:: Material for this task ::
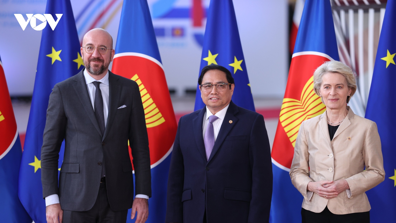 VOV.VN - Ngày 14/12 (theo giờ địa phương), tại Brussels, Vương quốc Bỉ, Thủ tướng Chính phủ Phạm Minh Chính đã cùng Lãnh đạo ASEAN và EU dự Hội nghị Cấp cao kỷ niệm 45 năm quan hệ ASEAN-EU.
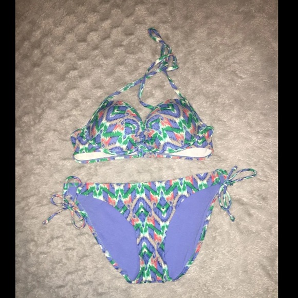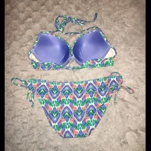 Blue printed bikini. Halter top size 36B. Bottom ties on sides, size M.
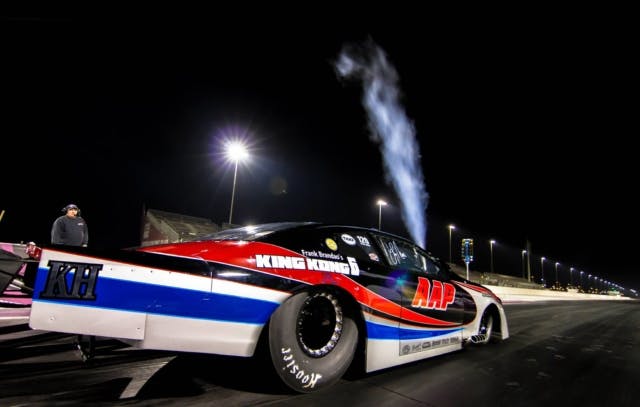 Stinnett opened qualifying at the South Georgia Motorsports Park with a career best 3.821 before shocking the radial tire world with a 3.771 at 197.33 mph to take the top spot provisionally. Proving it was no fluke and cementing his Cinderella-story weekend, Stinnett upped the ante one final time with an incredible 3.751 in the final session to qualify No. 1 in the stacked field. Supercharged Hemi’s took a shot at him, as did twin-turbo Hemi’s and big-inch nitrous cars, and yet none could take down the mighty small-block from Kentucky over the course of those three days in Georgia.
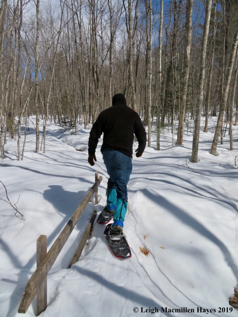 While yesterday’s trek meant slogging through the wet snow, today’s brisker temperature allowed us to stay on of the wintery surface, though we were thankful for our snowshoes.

--

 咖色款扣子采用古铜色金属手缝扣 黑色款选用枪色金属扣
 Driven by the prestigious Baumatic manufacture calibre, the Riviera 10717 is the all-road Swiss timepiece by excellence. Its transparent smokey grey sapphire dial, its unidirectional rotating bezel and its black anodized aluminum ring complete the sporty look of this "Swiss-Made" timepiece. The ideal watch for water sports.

--

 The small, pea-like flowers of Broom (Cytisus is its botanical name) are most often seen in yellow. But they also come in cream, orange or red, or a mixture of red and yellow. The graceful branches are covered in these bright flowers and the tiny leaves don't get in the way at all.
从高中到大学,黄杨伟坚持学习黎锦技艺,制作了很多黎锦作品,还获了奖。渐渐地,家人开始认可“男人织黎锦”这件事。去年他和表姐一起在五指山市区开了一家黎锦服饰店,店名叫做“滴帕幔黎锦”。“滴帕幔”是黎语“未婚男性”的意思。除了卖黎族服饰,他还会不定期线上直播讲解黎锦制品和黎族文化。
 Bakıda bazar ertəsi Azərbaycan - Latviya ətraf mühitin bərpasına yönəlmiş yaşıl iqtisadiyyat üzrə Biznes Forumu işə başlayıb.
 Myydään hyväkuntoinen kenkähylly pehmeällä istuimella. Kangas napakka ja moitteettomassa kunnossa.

:: Task description ::
Where a picture appears in the records above, omit it, and transcribe exactly the stretch of lines from the one with "VOV.VN - Ngày" through the one with "Stinnett opened qualifying".

:: Solution for this problem ::
 VOV.VN - Ngày 14/12 (theo giờ địa phương), tại Brussels, Vương quốc Bỉ, Thủ tướng Chính phủ Phạm Minh Chính đã cùng Lãnh đạo ASEAN và EU dự Hội nghị Cấp cao kỷ niệm 45 năm quan hệ ASEAN-EU.
 Blue printed bikini. Halter top size 36B. Bottom ties on sides, size M.
 Stinnett opened qualifying at the South Georgia Motorsports Park with a career best 3.821 before shocking the radial tire world with a 3.771 at 197.33 mph to take the top spot provisionally. Proving it was no fluke and cementing his Cinderella-story weekend, Stinnett upped the ante one final time with an incredible 3.751 in the final session to qualify No. 1 in the stacked field. Supercharged Hemi’s took a shot at him, as did twin-turbo Hemi’s and big-inch nitrous cars, and yet none could take down the mighty small-block from Kentucky over the course of those three days in Georgia.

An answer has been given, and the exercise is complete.